**Record extracts**
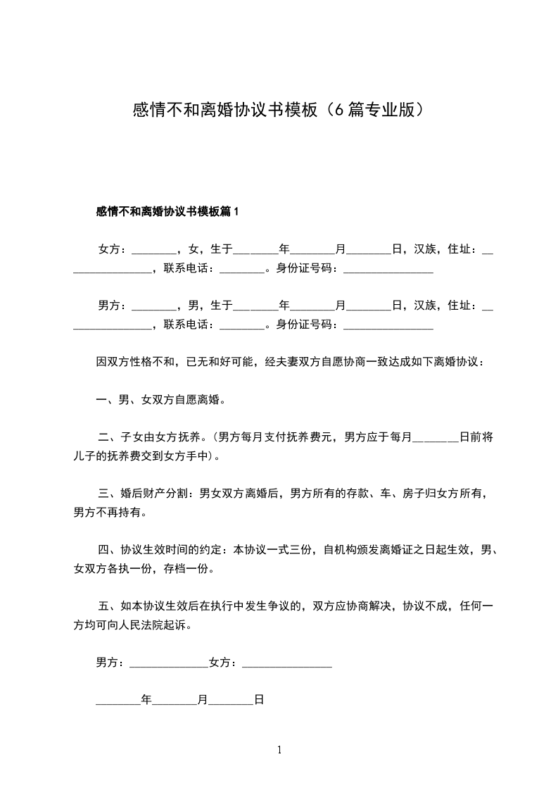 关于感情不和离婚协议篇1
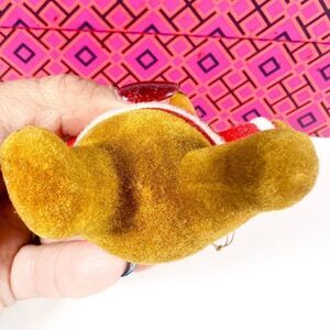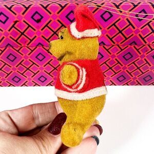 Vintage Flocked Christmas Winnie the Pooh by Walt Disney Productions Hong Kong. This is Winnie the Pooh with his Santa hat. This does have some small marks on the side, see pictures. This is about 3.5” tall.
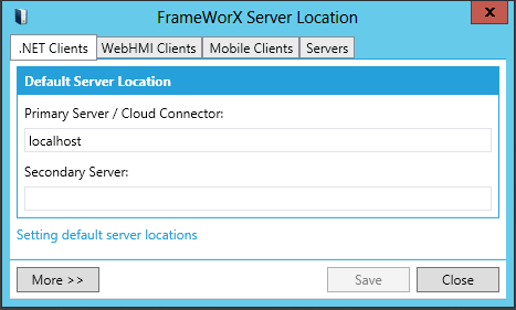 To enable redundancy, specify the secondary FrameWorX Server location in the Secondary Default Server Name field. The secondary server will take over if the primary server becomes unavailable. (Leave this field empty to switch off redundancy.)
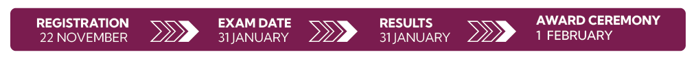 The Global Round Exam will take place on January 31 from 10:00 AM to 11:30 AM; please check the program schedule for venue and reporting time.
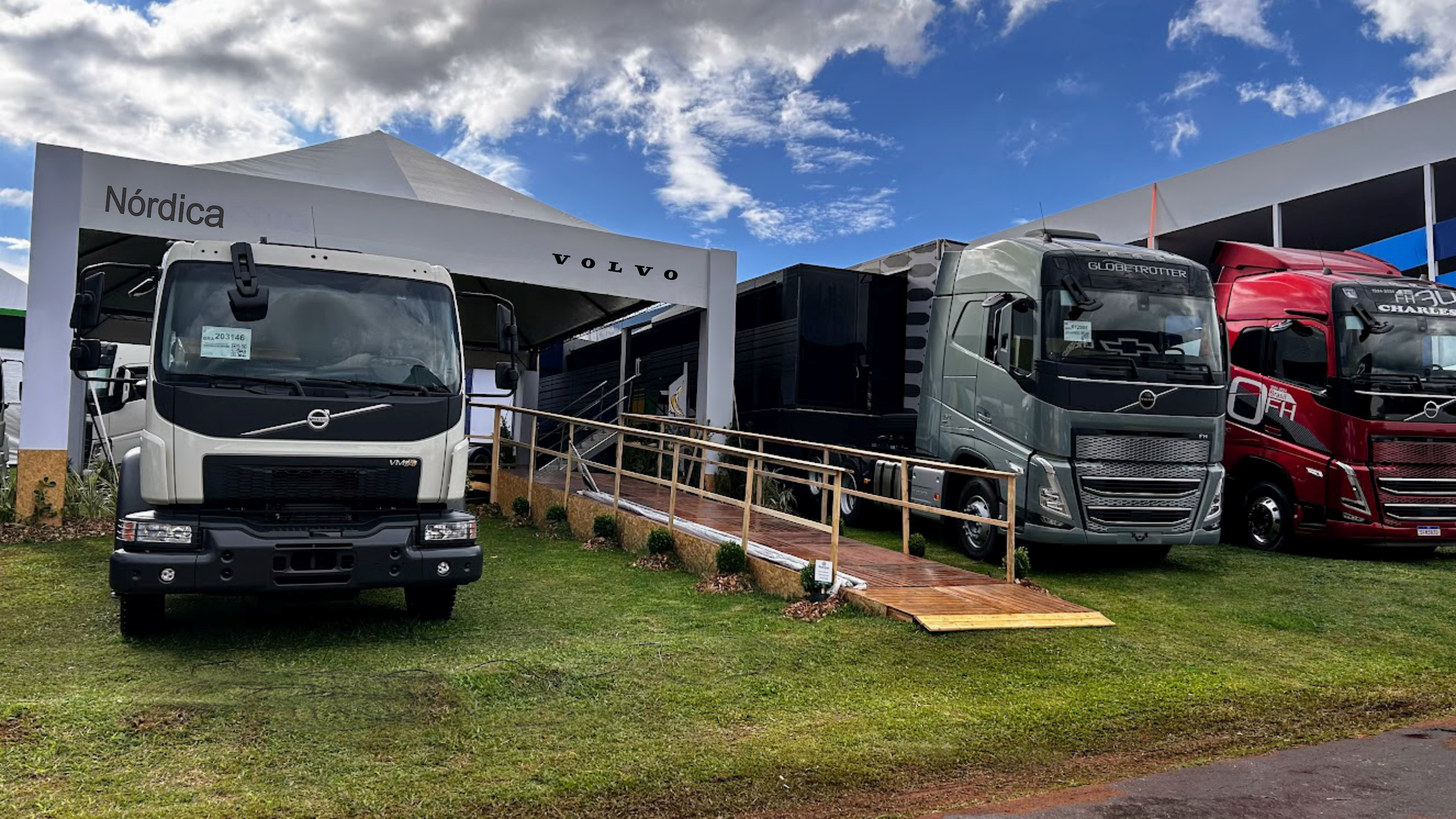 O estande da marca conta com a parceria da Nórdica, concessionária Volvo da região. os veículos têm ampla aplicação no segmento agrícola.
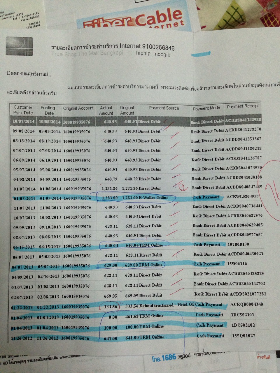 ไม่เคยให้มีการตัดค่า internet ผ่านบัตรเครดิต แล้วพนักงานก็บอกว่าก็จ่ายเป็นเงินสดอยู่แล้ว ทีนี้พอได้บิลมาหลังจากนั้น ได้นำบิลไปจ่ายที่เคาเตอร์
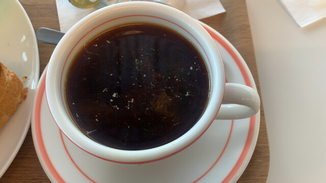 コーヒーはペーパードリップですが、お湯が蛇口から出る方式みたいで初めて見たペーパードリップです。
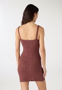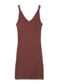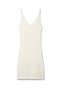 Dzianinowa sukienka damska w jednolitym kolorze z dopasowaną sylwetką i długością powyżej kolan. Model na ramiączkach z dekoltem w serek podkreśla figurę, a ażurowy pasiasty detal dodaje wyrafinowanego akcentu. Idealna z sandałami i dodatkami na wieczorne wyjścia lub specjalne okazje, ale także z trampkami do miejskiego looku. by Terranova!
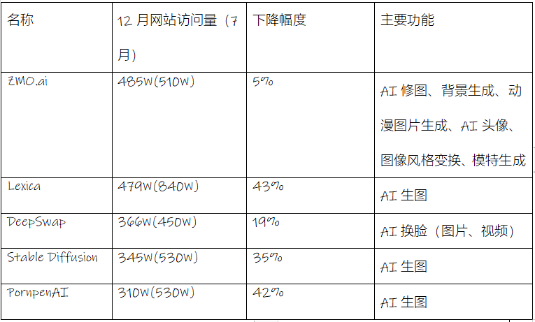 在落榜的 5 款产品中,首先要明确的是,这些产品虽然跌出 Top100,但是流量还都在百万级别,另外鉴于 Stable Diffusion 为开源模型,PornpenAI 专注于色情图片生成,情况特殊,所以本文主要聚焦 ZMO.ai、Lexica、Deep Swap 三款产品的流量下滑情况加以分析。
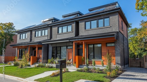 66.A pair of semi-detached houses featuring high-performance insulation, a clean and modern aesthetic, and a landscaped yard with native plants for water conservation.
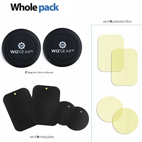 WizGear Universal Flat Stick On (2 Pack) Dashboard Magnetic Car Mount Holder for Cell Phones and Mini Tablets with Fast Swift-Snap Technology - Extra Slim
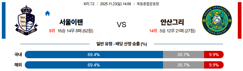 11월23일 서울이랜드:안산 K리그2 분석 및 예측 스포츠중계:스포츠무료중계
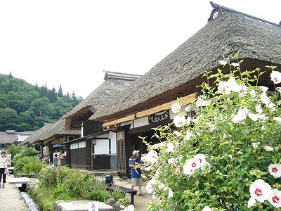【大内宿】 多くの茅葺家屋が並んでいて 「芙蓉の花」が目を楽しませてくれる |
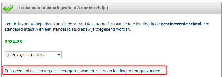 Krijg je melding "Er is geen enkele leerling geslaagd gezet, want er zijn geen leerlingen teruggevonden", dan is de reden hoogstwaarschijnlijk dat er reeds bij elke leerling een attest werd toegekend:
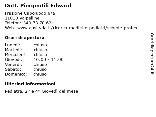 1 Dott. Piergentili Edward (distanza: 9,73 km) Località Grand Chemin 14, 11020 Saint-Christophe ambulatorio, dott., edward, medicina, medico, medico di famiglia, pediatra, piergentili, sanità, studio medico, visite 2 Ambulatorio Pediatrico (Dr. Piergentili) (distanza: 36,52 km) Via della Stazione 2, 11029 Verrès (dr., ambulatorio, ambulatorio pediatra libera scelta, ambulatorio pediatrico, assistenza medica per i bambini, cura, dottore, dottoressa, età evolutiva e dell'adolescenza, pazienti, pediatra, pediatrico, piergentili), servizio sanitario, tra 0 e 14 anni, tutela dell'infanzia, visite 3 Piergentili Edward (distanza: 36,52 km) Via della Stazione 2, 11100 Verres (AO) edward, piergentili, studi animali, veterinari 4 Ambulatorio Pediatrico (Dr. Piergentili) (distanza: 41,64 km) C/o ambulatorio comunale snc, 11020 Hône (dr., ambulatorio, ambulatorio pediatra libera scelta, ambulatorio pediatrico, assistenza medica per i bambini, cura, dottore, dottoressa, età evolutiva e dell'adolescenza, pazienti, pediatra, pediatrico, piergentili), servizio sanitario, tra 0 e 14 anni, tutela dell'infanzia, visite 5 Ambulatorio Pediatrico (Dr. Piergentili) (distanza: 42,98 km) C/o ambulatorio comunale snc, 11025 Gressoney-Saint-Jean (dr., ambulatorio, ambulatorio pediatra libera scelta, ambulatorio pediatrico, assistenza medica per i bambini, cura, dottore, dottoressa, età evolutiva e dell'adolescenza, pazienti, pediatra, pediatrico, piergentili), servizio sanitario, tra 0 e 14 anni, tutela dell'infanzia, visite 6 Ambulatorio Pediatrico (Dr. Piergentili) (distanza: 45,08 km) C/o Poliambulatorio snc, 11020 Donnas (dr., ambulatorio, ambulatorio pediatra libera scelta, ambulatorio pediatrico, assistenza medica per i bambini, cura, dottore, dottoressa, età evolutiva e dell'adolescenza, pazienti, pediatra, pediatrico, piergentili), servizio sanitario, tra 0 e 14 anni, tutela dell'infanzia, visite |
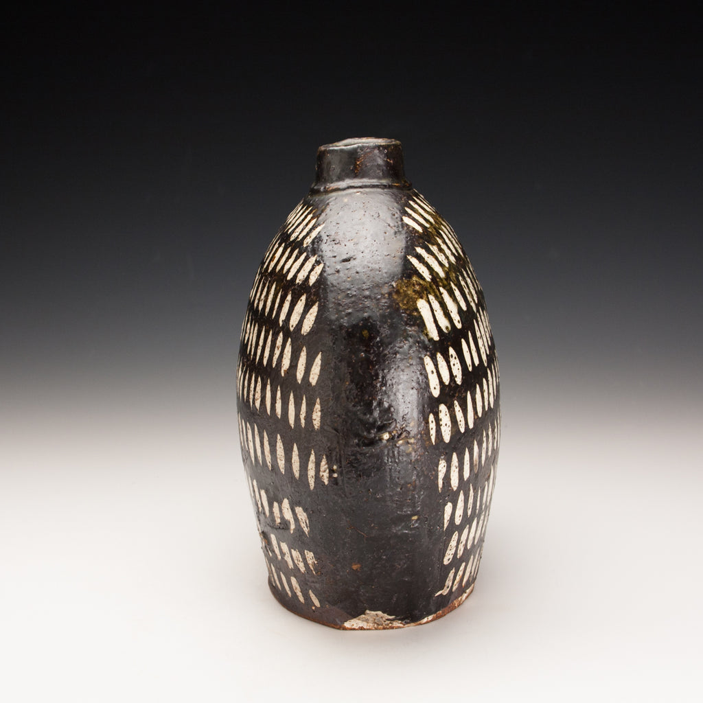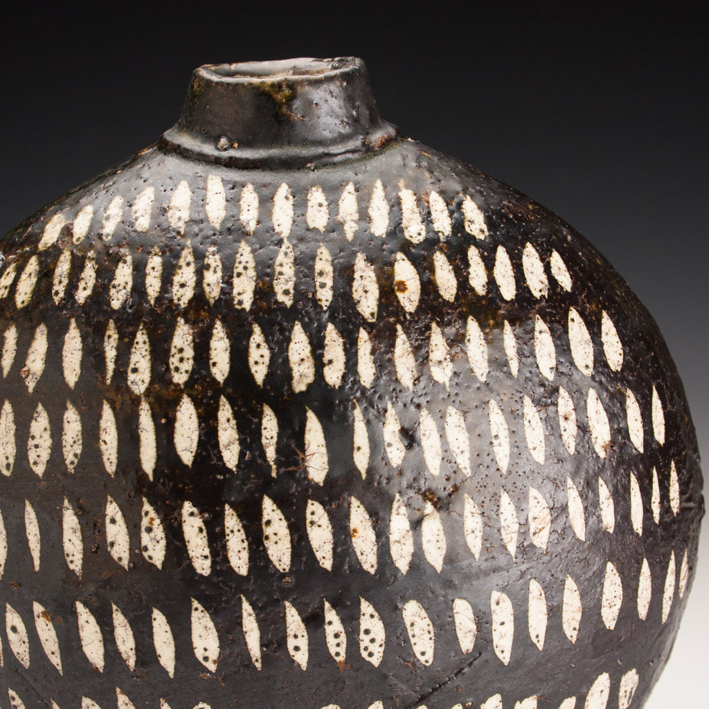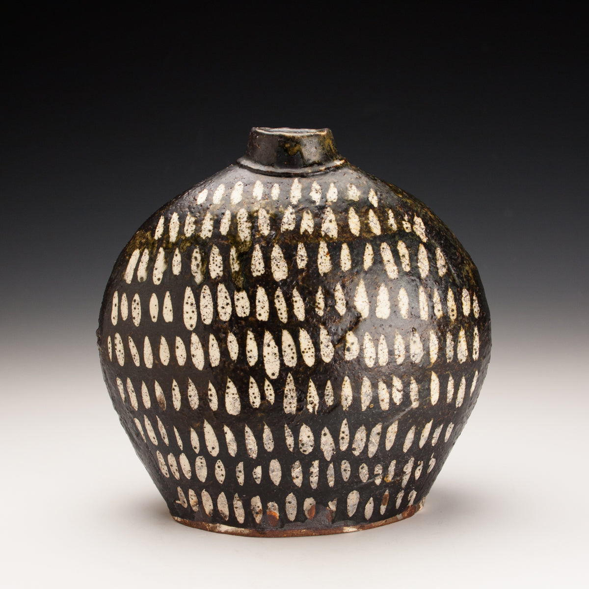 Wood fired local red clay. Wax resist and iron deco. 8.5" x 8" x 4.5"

**Work instruction**
Beginning at the first line of the listing, print each line exactly until and including the one that has "コーヒーはペーパードリップで"; skip pictures.

**Solution to this problem**
 关于感情不和离婚协议篇1
 Vintage Flocked Christmas Winnie the Pooh by Walt Disney Productions Hong Kong. This is Winnie the Pooh with his Santa hat. This does have some small marks on the side, see pictures. This is about 3.5” tall.
 To enable redundancy, specify the secondary FrameWorX Server location in the Secondary Default Server Name field. The secondary server will take over if the primary server becomes unavailable. (Leave this field empty to switch off redundancy.)
 The Global Round Exam will take place on January 31 from 10:00 AM to 11:30 AM; please check the program schedule for venue and reporting time.
 O estande da marca conta com a parceria da Nórdica, concessionária Volvo da região. os veículos têm ampla aplicação no segmento agrícola.
 ไม่เคยให้มีการตัดค่า internet ผ่านบัตรเครดิต แล้วพนักงานก็บอกว่าก็จ่ายเป็นเงินสดอยู่แล้ว ทีนี้พอได้บิลมาหลังจากนั้น ได้นำบิลไปจ่ายที่เคาเตอร์
 コーヒーはペーパードリップですが、お湯が蛇口から出る方式みたいで初めて見たペーパードリップです。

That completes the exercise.